Would you reproduce, without any alteration, the lines from the opening line of the entries through the line that has "The Draper 37797" in it?

-- Entries supplied follows --

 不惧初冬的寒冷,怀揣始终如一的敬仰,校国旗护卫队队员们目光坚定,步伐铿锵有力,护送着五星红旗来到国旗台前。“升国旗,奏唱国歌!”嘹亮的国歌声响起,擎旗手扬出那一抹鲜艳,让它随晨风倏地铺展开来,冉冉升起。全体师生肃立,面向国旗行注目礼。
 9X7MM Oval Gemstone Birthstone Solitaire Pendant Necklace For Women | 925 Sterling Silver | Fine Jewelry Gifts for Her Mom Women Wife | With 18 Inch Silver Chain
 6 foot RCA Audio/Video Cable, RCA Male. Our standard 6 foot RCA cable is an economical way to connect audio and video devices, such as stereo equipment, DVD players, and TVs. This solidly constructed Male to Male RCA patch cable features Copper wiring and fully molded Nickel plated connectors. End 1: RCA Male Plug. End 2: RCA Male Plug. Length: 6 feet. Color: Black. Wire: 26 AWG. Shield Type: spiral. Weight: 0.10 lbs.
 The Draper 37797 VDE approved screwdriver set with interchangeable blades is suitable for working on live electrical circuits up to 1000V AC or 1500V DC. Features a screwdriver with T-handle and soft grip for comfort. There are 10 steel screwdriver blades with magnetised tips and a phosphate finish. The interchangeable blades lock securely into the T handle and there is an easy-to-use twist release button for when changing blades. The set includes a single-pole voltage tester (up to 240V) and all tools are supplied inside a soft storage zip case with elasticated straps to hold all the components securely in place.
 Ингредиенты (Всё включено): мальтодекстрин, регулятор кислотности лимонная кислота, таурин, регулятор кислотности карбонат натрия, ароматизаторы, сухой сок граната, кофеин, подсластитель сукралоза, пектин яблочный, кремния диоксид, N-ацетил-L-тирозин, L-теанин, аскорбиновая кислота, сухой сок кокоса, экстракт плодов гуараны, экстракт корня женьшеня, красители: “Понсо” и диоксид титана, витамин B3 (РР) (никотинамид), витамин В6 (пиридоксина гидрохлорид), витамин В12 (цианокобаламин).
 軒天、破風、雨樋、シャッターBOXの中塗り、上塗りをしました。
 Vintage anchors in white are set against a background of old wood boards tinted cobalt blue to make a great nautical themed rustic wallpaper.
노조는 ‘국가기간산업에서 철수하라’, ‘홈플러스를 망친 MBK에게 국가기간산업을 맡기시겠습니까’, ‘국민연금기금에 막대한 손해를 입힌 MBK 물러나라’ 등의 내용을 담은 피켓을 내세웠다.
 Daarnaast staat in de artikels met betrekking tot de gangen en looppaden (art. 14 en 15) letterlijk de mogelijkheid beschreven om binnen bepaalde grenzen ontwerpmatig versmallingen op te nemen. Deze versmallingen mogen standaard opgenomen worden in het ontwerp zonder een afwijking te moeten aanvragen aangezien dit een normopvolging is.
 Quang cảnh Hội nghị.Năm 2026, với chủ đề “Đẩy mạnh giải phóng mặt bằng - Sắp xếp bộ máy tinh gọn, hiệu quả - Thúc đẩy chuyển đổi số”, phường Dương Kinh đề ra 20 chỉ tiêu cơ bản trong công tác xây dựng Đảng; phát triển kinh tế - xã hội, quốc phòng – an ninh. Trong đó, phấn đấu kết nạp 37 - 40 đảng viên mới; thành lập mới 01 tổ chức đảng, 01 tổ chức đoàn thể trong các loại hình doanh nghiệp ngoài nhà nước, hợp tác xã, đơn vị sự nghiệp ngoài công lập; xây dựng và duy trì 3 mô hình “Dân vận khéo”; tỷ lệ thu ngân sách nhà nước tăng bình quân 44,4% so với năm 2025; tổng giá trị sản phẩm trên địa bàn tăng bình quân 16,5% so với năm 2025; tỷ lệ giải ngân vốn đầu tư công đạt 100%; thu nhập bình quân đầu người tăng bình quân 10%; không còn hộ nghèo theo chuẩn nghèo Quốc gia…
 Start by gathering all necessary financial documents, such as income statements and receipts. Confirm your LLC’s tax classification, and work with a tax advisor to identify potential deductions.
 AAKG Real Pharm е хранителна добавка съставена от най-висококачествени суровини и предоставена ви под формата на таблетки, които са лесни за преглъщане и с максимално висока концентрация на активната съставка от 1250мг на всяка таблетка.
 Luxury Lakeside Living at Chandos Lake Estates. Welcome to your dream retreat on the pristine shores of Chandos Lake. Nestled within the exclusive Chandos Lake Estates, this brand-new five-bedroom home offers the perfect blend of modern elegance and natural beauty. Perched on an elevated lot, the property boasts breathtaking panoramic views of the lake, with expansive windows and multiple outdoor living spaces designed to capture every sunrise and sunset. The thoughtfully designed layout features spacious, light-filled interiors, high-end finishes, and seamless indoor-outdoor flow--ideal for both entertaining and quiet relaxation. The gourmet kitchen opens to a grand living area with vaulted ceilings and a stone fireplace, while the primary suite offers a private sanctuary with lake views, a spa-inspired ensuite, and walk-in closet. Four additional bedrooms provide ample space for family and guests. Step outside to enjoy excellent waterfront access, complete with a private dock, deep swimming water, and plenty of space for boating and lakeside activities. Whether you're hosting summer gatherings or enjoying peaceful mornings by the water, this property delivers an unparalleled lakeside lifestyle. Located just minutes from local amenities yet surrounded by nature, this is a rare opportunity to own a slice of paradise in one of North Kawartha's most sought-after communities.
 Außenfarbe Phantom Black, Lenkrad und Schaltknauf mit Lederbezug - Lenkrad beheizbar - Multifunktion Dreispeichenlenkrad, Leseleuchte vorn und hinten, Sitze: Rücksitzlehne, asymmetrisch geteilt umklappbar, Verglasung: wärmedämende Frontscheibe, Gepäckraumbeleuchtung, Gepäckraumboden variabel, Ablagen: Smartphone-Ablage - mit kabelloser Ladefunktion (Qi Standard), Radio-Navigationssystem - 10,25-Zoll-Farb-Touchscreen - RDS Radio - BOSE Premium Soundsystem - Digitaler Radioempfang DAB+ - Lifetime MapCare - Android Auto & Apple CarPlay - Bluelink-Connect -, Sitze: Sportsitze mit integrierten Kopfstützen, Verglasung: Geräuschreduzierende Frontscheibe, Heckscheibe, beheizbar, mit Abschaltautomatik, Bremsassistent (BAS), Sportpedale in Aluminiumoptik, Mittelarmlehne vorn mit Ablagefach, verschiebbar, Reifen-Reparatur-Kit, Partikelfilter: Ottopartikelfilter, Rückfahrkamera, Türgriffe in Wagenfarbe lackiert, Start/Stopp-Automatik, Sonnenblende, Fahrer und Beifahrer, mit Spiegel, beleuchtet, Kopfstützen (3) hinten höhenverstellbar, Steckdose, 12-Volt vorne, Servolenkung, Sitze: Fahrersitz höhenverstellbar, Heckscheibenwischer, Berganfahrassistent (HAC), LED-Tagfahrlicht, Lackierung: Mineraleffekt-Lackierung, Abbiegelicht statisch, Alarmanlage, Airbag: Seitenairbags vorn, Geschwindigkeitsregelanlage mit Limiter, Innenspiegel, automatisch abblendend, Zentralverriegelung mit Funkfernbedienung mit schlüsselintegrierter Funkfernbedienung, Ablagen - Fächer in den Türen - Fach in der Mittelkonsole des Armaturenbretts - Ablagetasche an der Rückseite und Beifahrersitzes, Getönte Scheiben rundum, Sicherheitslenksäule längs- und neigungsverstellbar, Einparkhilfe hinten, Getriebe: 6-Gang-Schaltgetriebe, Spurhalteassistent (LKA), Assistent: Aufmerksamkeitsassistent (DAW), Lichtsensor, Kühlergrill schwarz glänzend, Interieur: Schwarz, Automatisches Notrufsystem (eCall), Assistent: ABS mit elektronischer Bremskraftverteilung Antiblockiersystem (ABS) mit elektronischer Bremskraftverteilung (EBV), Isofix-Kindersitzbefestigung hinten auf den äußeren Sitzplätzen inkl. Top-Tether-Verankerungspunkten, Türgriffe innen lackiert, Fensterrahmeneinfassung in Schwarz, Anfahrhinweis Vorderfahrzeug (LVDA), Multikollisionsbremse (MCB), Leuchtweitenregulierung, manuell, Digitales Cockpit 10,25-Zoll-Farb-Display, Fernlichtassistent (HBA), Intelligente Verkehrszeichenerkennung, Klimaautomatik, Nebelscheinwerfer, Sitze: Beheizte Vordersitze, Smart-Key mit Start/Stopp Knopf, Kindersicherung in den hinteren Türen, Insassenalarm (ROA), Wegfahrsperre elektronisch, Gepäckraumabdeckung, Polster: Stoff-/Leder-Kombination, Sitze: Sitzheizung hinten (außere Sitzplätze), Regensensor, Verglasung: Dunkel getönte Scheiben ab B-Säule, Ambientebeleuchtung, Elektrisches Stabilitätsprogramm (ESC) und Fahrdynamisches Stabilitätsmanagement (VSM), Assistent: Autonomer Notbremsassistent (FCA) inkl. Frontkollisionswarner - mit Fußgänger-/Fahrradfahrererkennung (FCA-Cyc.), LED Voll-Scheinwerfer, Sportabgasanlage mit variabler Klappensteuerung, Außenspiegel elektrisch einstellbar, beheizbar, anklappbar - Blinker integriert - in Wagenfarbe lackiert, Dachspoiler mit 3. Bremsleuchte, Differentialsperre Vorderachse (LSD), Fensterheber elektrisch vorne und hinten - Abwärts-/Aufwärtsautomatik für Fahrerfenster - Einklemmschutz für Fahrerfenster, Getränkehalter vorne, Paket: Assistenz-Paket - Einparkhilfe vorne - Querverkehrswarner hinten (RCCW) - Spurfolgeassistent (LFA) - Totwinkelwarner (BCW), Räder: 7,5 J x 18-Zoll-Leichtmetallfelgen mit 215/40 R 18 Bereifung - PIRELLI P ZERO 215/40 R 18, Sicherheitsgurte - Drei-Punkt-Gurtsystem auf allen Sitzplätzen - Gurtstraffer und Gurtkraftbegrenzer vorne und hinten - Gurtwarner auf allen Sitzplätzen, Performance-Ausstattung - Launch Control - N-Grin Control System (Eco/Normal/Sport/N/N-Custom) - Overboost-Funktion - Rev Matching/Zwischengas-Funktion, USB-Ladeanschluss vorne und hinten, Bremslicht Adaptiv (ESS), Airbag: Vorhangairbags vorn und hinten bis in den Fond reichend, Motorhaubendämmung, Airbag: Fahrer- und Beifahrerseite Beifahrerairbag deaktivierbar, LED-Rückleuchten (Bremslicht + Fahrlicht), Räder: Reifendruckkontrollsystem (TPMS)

-- Entries supplied concluded --

* Result for this task
 不惧初冬的寒冷,怀揣始终如一的敬仰,校国旗护卫队队员们目光坚定,步伐铿锵有力,护送着五星红旗来到国旗台前。“升国旗,奏唱国歌!”嘹亮的国歌声响起,擎旗手扬出那一抹鲜艳,让它随晨风倏地铺展开来,冉冉升起。全体师生肃立,面向国旗行注目礼。
 9X7MM Oval Gemstone Birthstone Solitaire Pendant Necklace For Women | 925 Sterling Silver | Fine Jewelry Gifts for Her Mom Women Wife | With 18 Inch Silver Chain
 6 foot RCA Audio/Video Cable, RCA Male. Our standard 6 foot RCA cable is an economical way to connect audio and video devices, such as stereo equipment, DVD players, and TVs. This solidly constructed Male to Male RCA patch cable features Copper wiring and fully molded Nickel plated connectors. End 1: RCA Male Plug. End 2: RCA Male Plug. Length: 6 feet. Color: Black. Wire: 26 AWG. Shield Type: spiral. Weight: 0.10 lbs.
 The Draper 37797 VDE approved screwdriver set with interchangeable blades is suitable for working on live electrical circuits up to 1000V AC or 1500V DC. Features a screwdriver with T-handle and soft grip for comfort. There are 10 steel screwdriver blades with magnetised tips and a phosphate finish. The interchangeable blades lock securely into the T handle and there is an easy-to-use twist release button for when changing blades. The set includes a single-pole voltage tester (up to 240V) and all tools are supplied inside a soft storage zip case with elasticated straps to hold all the components securely in place.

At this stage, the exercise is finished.